The ROM was programmed by hand using MAX, by deleting contacts and transistors whenever a 1 was desired. The ROM layout in MAX is shown in figure 23. The left portion of the ROM is the address decoder, and the right portion is the ROM itself.
Since we require 49 words in the ROM, we need 6-bit addresses. The 6-bit counter used in the control unit is based on the 4-bit counter implemented for our Lab #3 assignment. It consists of an increment unit, which contains 6 bit-sliced half-adders, and a 6-bit register similar to the ones used in the register file. We refer the reader to our Lab #3 report for more information about the design of the counter.
Figure 24 shows the full layout of the control unit.

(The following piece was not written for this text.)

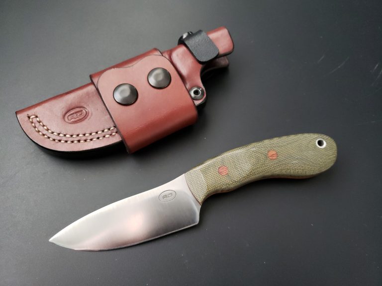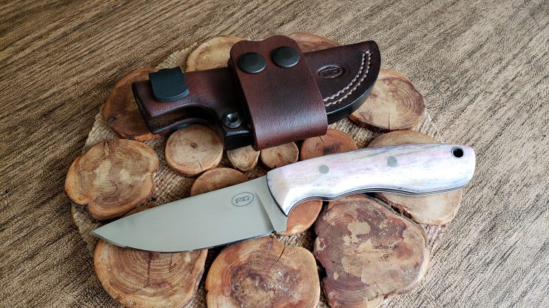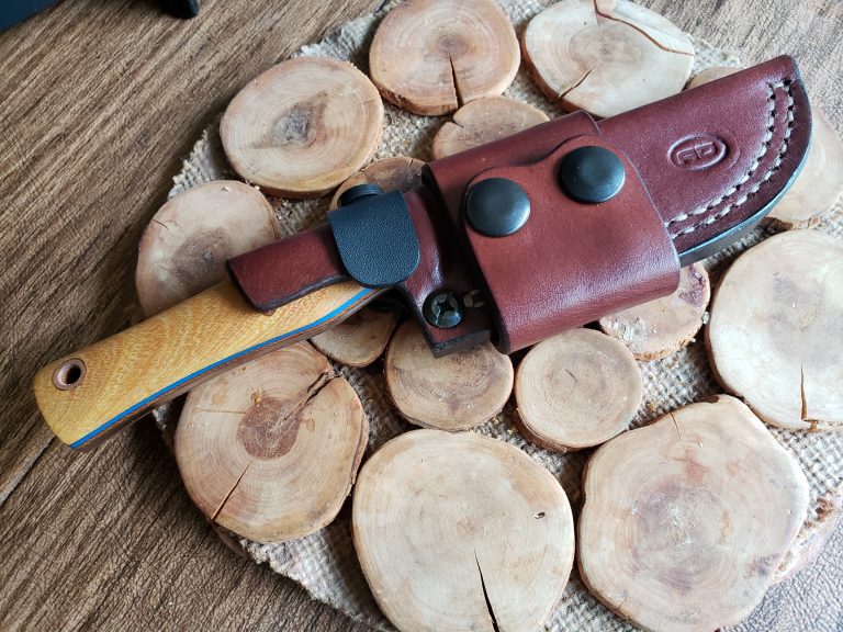0.125″ Z-wear 61.5 RC7.5″ OAL, 3.5″ blade, 4 ozHand applied satinCamel bone scalesHermann Oak leather , DOT fasteners

IRSIM simulation: Figures 25 and 26 show the IRSIM command file and simulation results, respectively, for the control unit. The command file is simple a sequence of clock pulses, so that the control module goes through all of its 49 states. The outputs have been verified as correct by comparing them to the microcode shown in figure 22.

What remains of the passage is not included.